I think your approach is interesting and have tried thinking about it. I think your proof is
not differential geometric. It is topological and not elementary. I apologize that my
exposition isn't going to be easy to follow but here goes the idea of it anyway.

If you look at the sphere as two disks glued together along their bounding circles, then the
tangent circle bundle, the tangent vectors of length 1,is two solid tori glued together
along their bounding tori. The way to see this is to slice the sphere along the equator
and realize that the tangent circle bundle over the two hemispheres is just a disk crossed
(Cartesian product) with a circle. This can be written down explicitly using your
stereographic coordinates.

But a disk crossed with a circle i.e. a circle of disks, is just a solid torus.

Along the equator you have a circle of circles i.e. a regular torus and the two tori from
the hemispheres are glued together to make the tangent circle bundle. So you have two solid tori glued together along their boundaries.

More than one manifold can be created by such gluing of two solid tori. The manifold you get depends on the gluing rule.

If the tangent bundle were trivial then the circle bundle would be the Cartesian product, S2
X S1,the 2-sphere crossed with a circle.

If it were not trivial, then it would be one of the other possible manifolds that can be
made by gluing two sold tori together such as the sphere in 4 dimensions or the three
dimensional real projective space.

So the problem as you have stated it is to show that the coordinate transformations glue the two solid tori together so that you don't get the Cartesian product but rather one of these other manifolds.

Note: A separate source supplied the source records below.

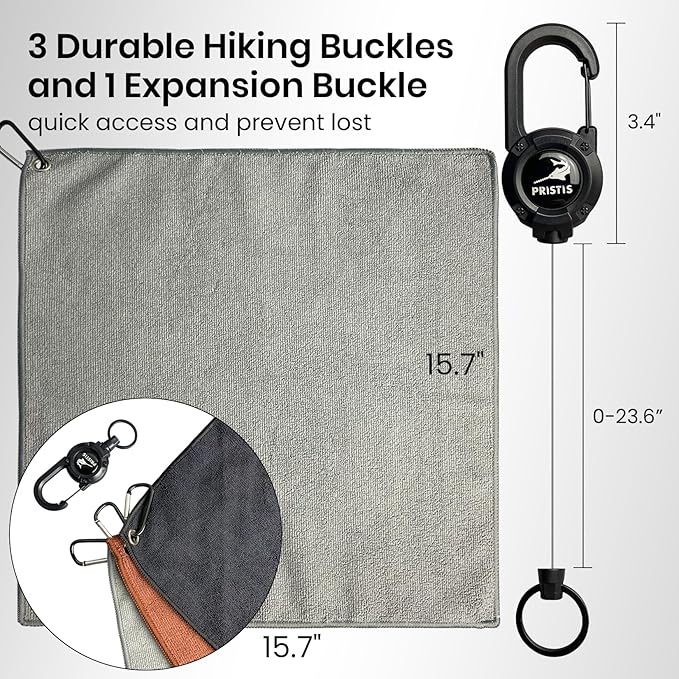 - 🎣【Customize your style】: Each towel comes with a metal buckle for hanging on your belt or hook, and the included zinger retractor & clip allows you to maximize hands-free use. The zinger extends up to 24" for easy operation without having to remove the towel from your belt. The lightweight material and portable accessories make it easy for you to carry this towel. You almost can't feel its presence, but can use it anytime and anywhere.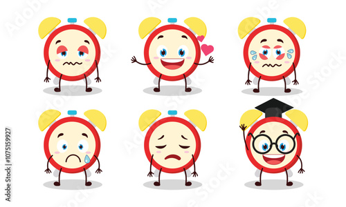 funny clock character with different pose activity design illustration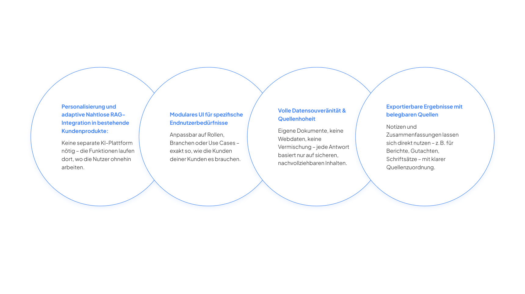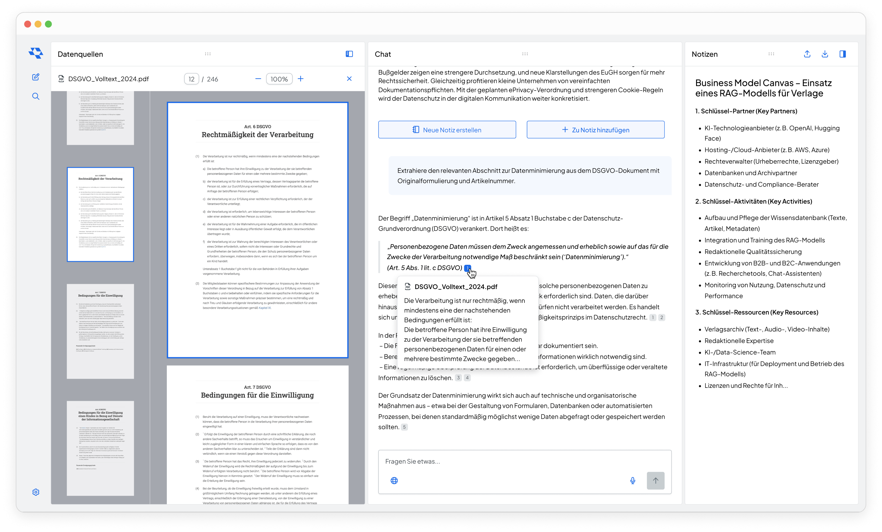 Dies bedeutet maximale Nachvollziehbarkeit, schnelle Verifizierung und rechtssicheres Arbeiten. Ob als interne Wissensdatenbank, Compliance-Lösung oder Verlagstool: Unser RAG-Chat bildet die flexible Grundlage für maßgeschneiderte KI-Produkte.
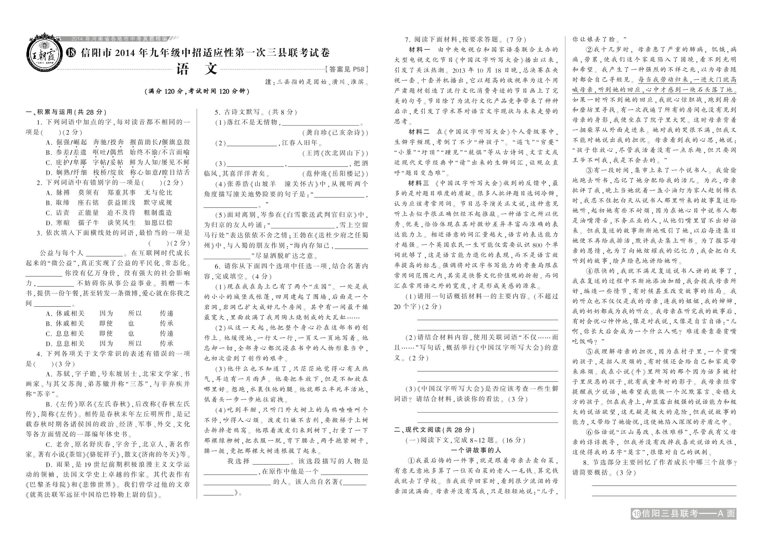 信阳市2014年九年级中招适应性第一次三县联考试卷【18】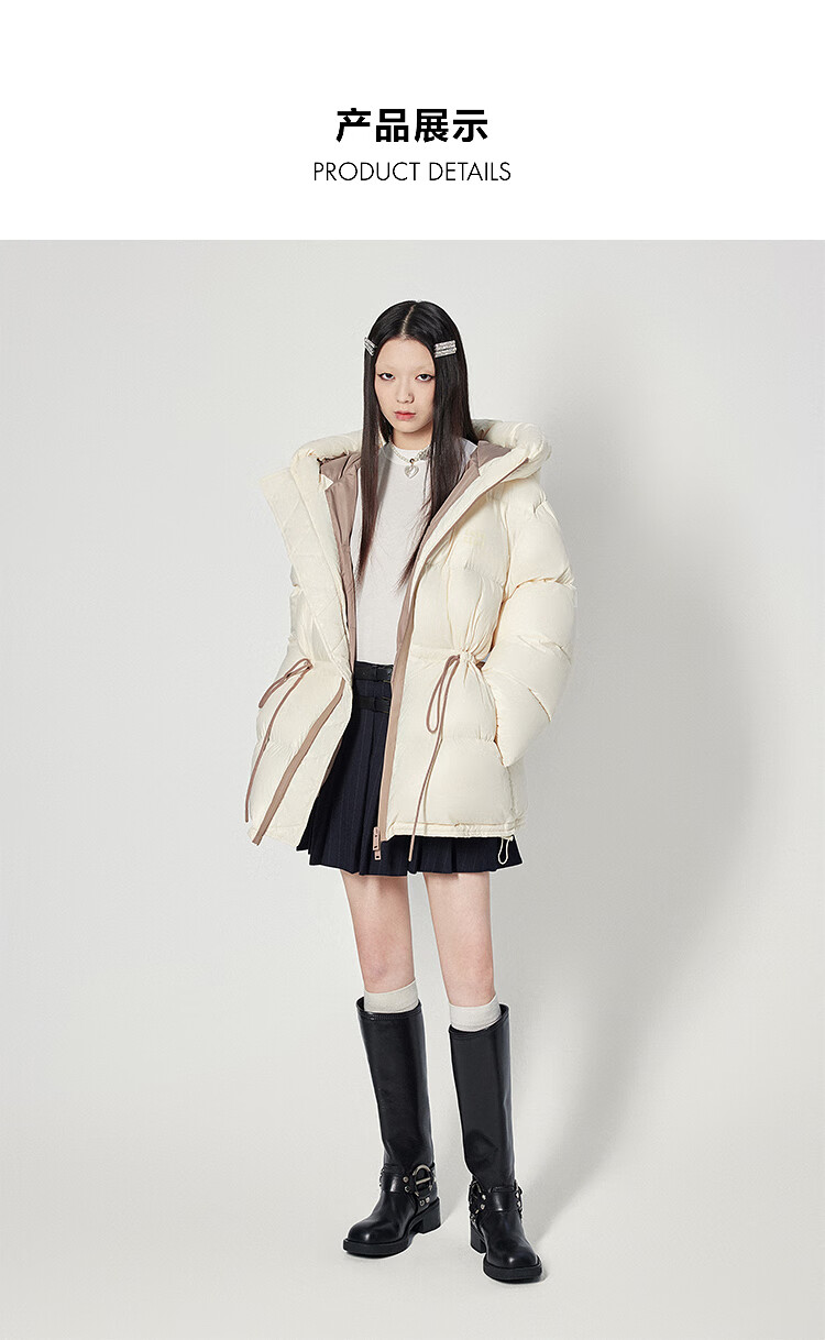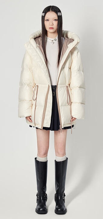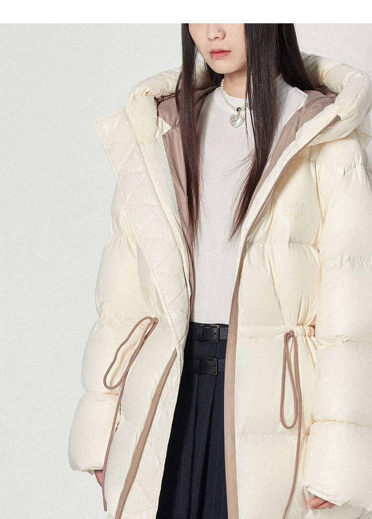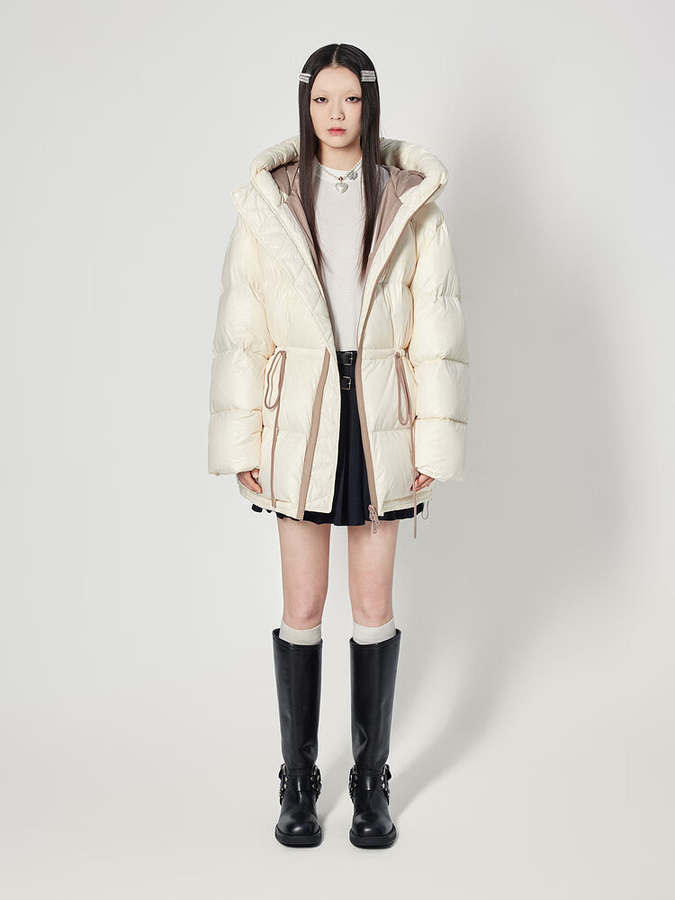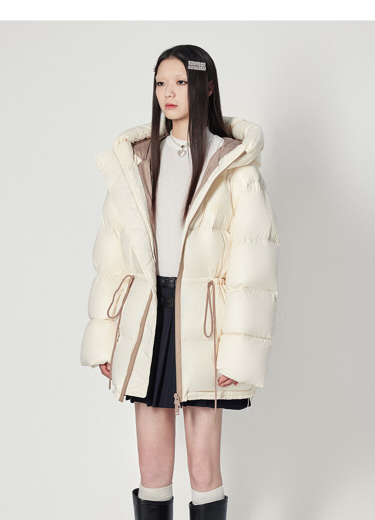 DZZIT mid-length down jacket autumn and winter puff down contrast drawstring design for women white XS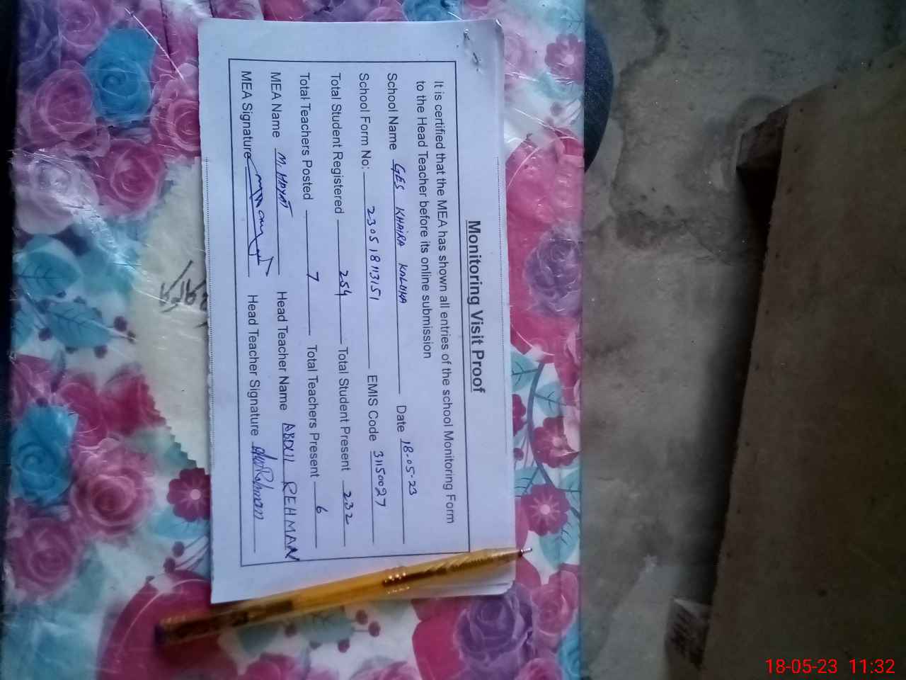 | Attendance Register | Head Teacher | MEA with School | Visit Proof |

If you visualize a solid torus as a circle of disks, you see that any circle that is the
edge of one of these disks can be shrunk to a point just by collapsing it onto the center of
its disk. But the equatorial circle at right angles to these can not be shrunk to a point
nor can the curves that wind around this circle twice or any other number of times.

If the tangent circle bundle were the Cartesian product this would still be true after the
gluing. But if it were the sphere in four dimensions then every circle would be shrinkable
to a point. If it were the projective 3 -space then the twice the equatorial circle would be
shrinkable to a point. So figuring out the shrinkability of the equatorial circle after
gluing is the key.

So what is your gluing map? After a reflection (this is you reflection matrix), the tangent
circle is glued to its counterpart by the Jacobian of the coordinate transformation, a
rotation by twice the angle, theta, as you wrote.

Under this mapping, a shrinkable disk circle, for instance,the circle formed by the radial
vector pointing away from the center of the disk,is glued to a curve that winds around the corresponding shrinkable disk circle on the other torus while it simultaneously rotates twice around the other torus's equatorial circle. So after gluing this mixed curve will be shrinkable to a point(since it is glued to a shrinkable curve).

I'm not sure how to explain this, but this also means that twice the equatorial circle by itself is in fact shrinkable to a point. So you get the real projective 3-space and the tangent
bundle is not trivial.

I will try to write this out more explicitly and more clearly. Technically, I think it
involves Van Kampen's Theorem.

I don't know how many different manifolds can be created by gluing two solid tori together.
It would be interesting to think about it.

By the way, another proof that is pretty mean and also doesn't follow your idea is to notice
that the group of rotations of 3 dimensional space acts on the tangent circle bundle of the
2-sphere transitively and without fixed points and so is homeomorphic to it. It is well
known and fairly easy to prove that the rotation group is homeomorphic to real projective 3
-space. So the tangent bundle of the 2-sphere is not trivial.